--- Available records ---

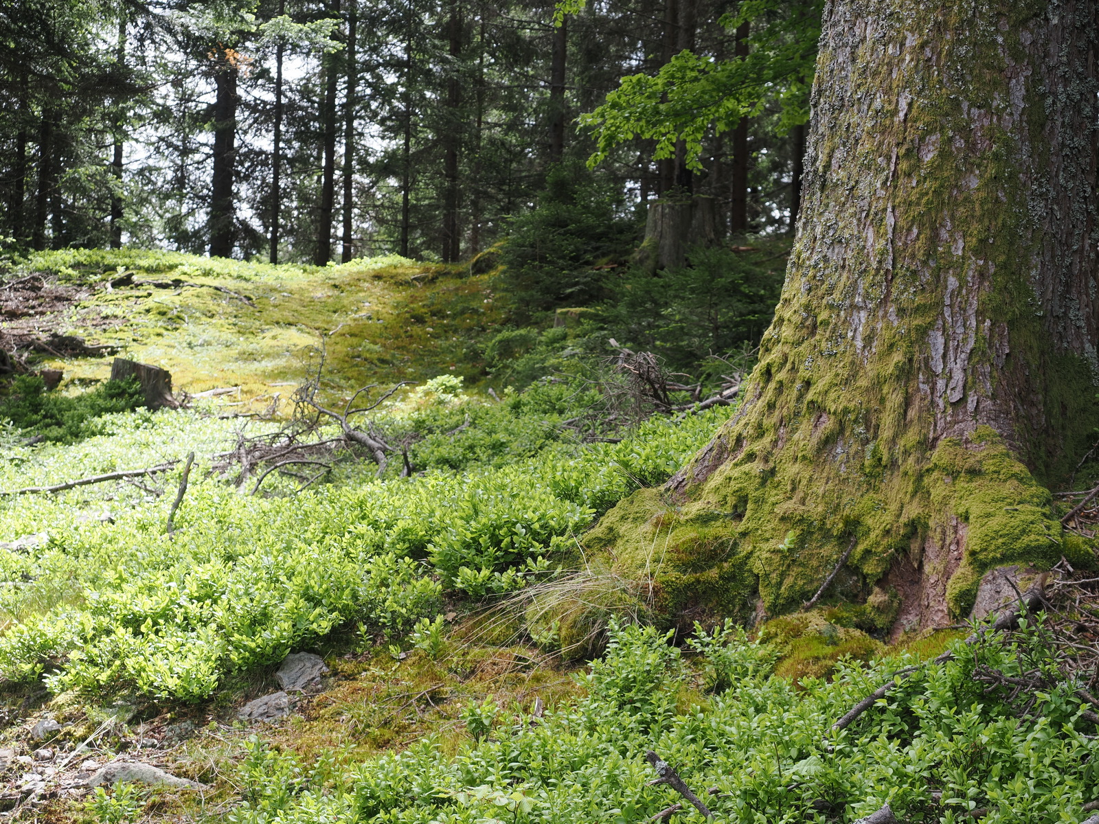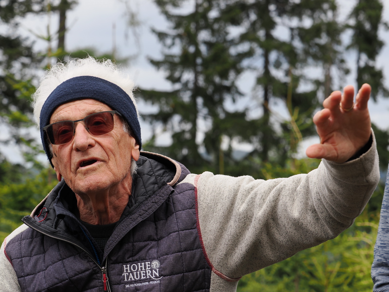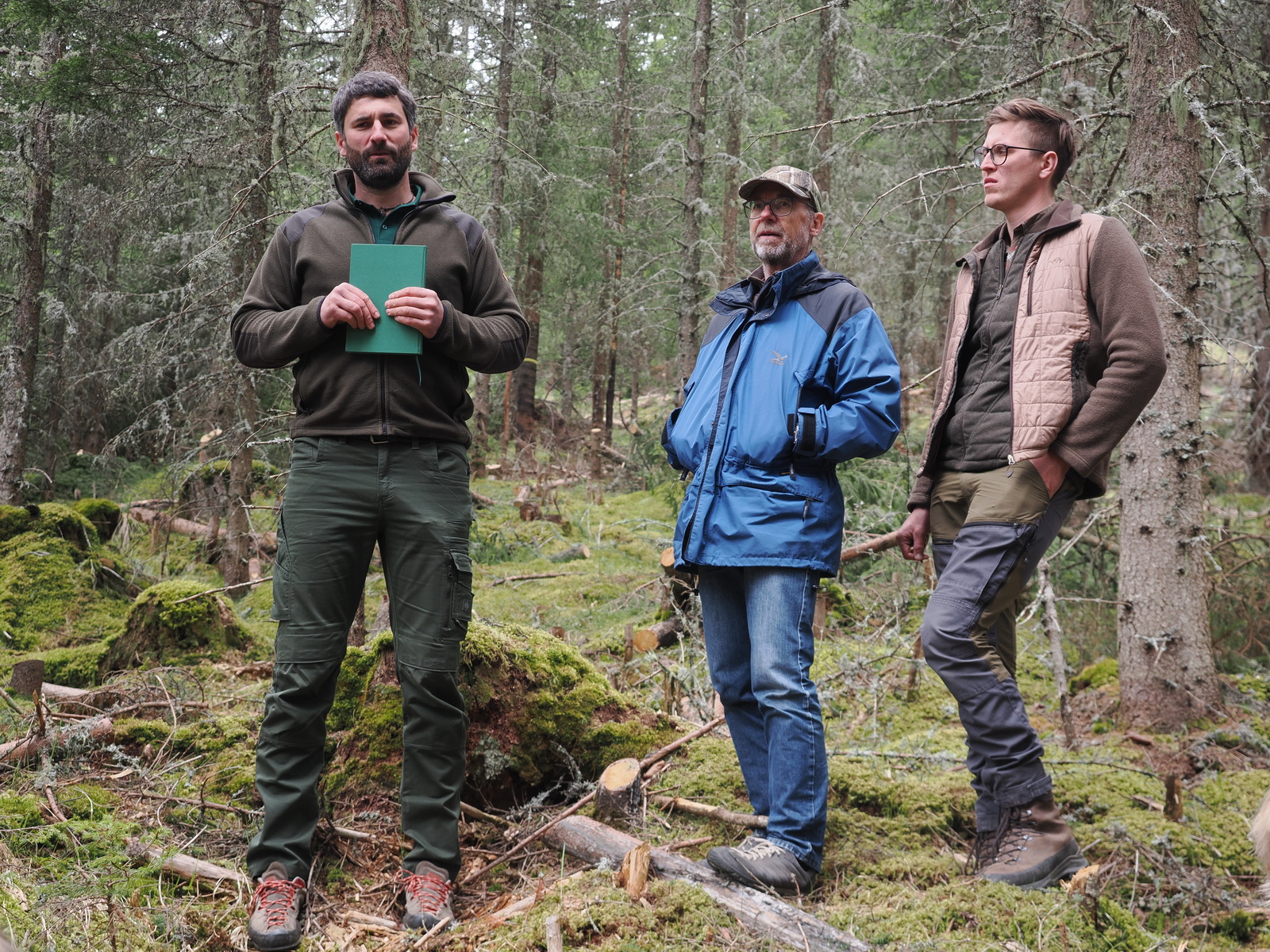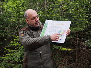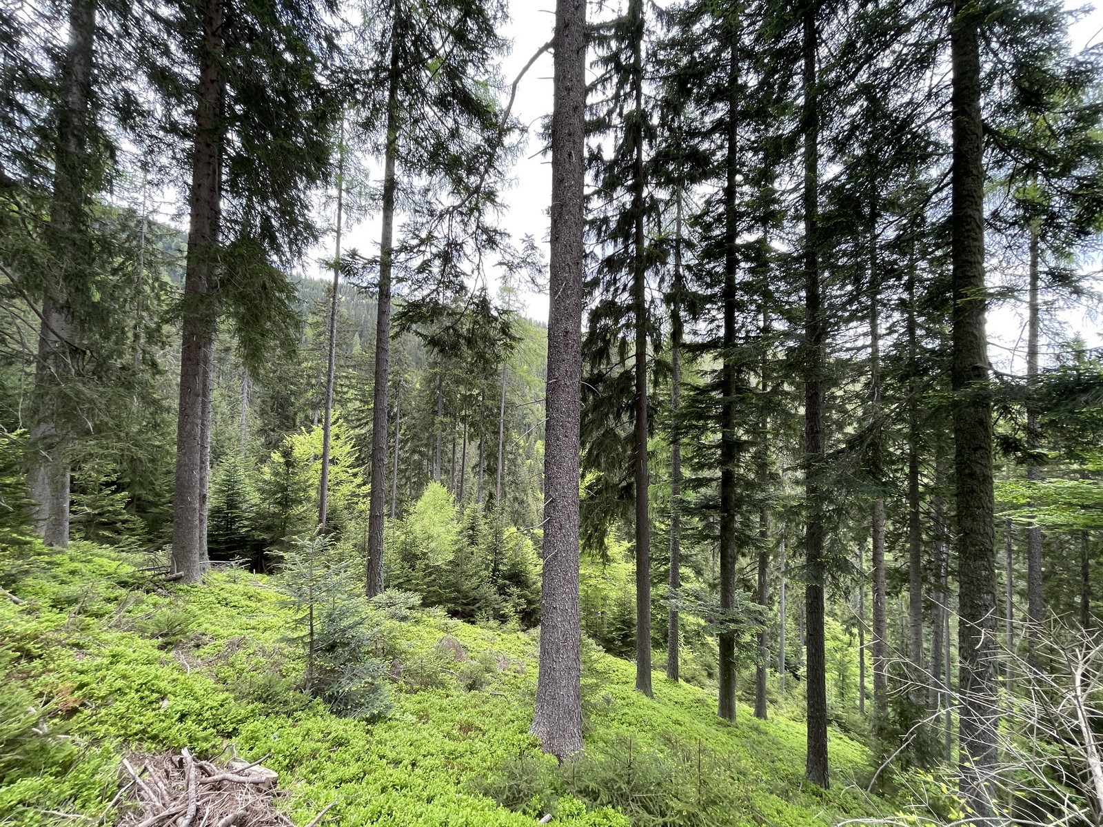 Nach einer kurzen Betriebsvorstellung durch DI Alberich Lodron wurde einer der ersten Bestände, welche um ca. 1990 von der Kahlschlagwirtschaft auf das Dauerwaldsystem (Plenterung) umgestellt wurden, besichtigt. Zum Zeitpunkt der Umstellung befand sich auf diesem Standort ein Altholzbestand, welcher Schritt für Schritt geöffnet wurde, um die Naturverjüngung und die Mehrschichtigkeit des Bestandes zu fördern. Nach 35 Jahren Umstellung weist der Bestand bereits mehrere Schichten und eine Verteilung über alle Altersklassen auf. Bei den Nutzungen wird immer auf die Qualität der verbleibenden Individuen und auf die Zielstärke, welche 60 cm Brusthöhendurchmesser beträgt, geachtet.
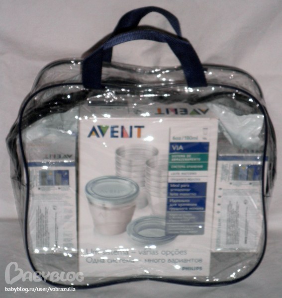 Состав: набор контейнеров для хранения молока Avent Via (10шт)+ бутылочки 125 мл Авент(2 шт) + вкладыши для груди Авент (8шт) + косметичка с ручками.
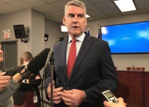 斯蒂芬麦克尼尔总理向记者讲话。照片:Jennifer Henderson
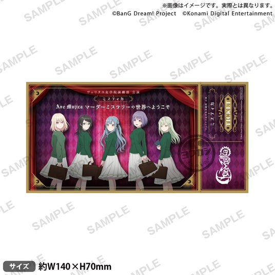 特典付チケットを購入すると、「Ave Mujica マーダーミステリー 五人のソワレ」関係するヴェリタス女学院演劇部による公演『ミスティカ』の観劇チケット風ステッカーがもらえます。
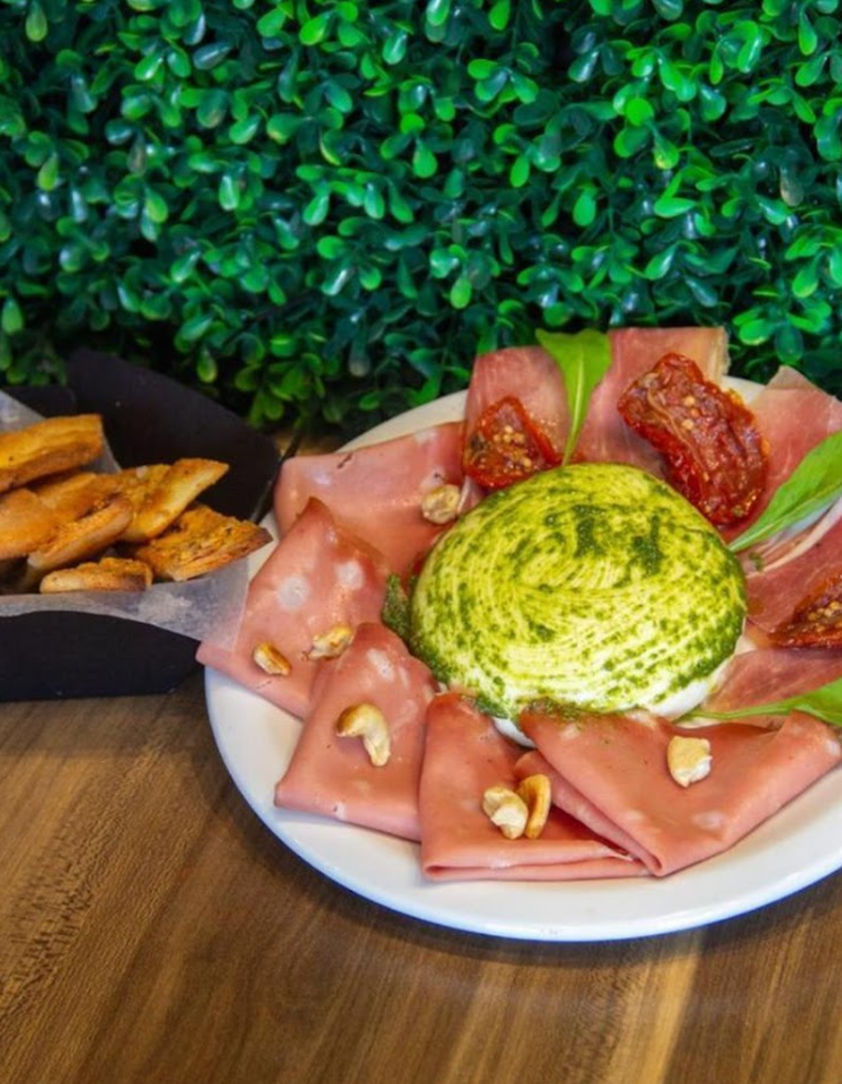 - Burrata mixta: mortadela con pistachos, jamón crudo, rúcula, castañas tostadas y pesto.
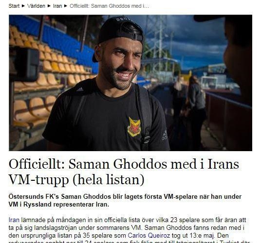 به گزارش جی پلاس، پس از اعلام لیست نهایی ایران برای جام جهانی رسانه های سوئدی حضور سامان قدوس در این فهرست نهایی را بازتاب دادند.
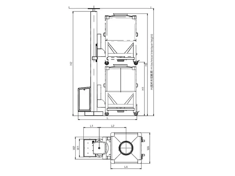 该机主要由底盘、立柱、提升系统等部件组成。工作时,先将装有物料的料斗推入料斗提升机的提升叉架上,然后启动提升按钮,料斗做提升运动,料斗到位后转动底盘与加料的设备密闭对接,开启出料蝶阀,使物料密闭转移到下一工序。

---

## Work to complete
Your output should consist solely of the lines from the line containing "特典付チケットを購入すると、「Ave Mujica マーダーミステリー" through the last line of the entries, verbatim, minus any pictures.

## Exercise answer
 特典付チケットを購入すると、「Ave Mujica マーダーミステリー 五人のソワレ」関係するヴェリタス女学院演劇部による公演『ミスティカ』の観劇チケット風ステッカーがもらえます。
 - Burrata mixta: mortadela con pistachos, jamón crudo, rúcula, castañas tostadas y pesto.
 به گزارش جی پلاس، پس از اعلام لیست نهایی ایران برای جام جهانی رسانه های سوئدی حضور سامان قدوس در این فهرست نهایی را بازتاب دادند.
 该机主要由底盘、立柱、提升系统等部件组成。工作时,先将装有物料的料斗推入料斗提升机的提升叉架上,然后启动提升按钮,料斗做提升运动,料斗到位后转动底盘与加料的设备密闭对接,开启出料蝶阀,使物料密闭转移到下一工序。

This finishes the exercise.